Cyclone Winston forced many people to live in temporary shelters, exposing them to a high risk of being bitten by the mosquitoes that transmit dengue fever, a painful and debilitating disease that can be fatal. In response, the RFHAF-SROP team distributed bed nets to reduce rates of transmission.
UNITE AND PERFORM
IPPF is continually investing in structures and systems to adapt to changing environments and to increase operational effectiveness. Baseline results for Outcome 4 priority objectives are presented in Figure 8. Total income generated by the Secretariat increased by US$14.2 million in 2015 to US$130.4 million in 2016. This 12 per cent increase reflects a rise in both restricted and unrestricted funding.

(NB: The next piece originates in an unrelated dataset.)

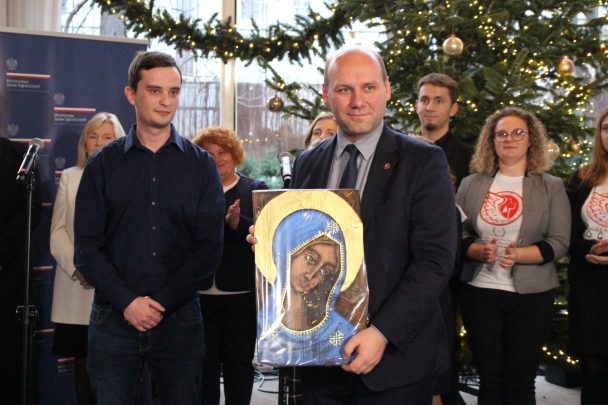 Jakie pozostałe walory mają nasze działania zaprezentowali wieloletni nasi wolontariusze Bożena – Sołek Muzyka oraz Artur Sułkowski, którzy przekazali ikony Matki Boskiej Żałobnej wykonane przez Sandrę Fidurską z Jugowa dla Dyrektor Departamentu Współpracy z Polonią i Polakami za Granicą Iwony Kozłowskiej oraz wiceministra MSZ Szymona Szynkowskiego Vel Sęk.

To respond to the increasing pressure on official development assistance budgets, Member Associations continue to diversify their own income streams, through the sale of commodities, in-kind donations, and funds from local and international sources, including government. In 2016, unrestricted grant-receiving Member Associations raised a total of US$291.2 million locally, an increase of US$30.1 million, or 12 per cent, from 2015.
$130.4m
Total income generated by the Secretariat
$291.2m
Total income generated locally by unrestricted grant-receiving Member Associations
172,972
Number of IPPF Volunteers
10.2m
Number of activists
NEXT STEPS
The Global Gag Rule, has a devastating impact on the lives of millions of the world’s most vulnerable and under-served, particularly women and girls. Many organizations, including IPPF, are now faced with significant funding cuts. IPPF will work with governments and donors to bridge the funding gap, and we welcomed the She Decides initiative launched in March 2017 to raise funding to safeguard sexual and reproductive health and rights in future years. IPPF will continue to diversify its funding base by identifying opportunities with trusts, foundations, the private sector and local donors. Many Member Associations already raise significant amounts of funds from social enterprise initiatives. With the implementation of the Global Gag Rule and rising populism, IPPF and its partners are facing more opposition than ever before. IPPF will continue to increase political support for sexual and reproductive health and rights at local, national, regional and global levels. We will hold governments to account and track their commitments on Sustainable Development Goals 3 and 5. We will work with youth and women’s groups to amplify their voices as advocates for change in support of sexual and reproductive health and rights. IPPF will develop and disseminate guidelines, policies and best practices on service delivery in line with our Integrated Package of Essential Services and Quality of Care Framework.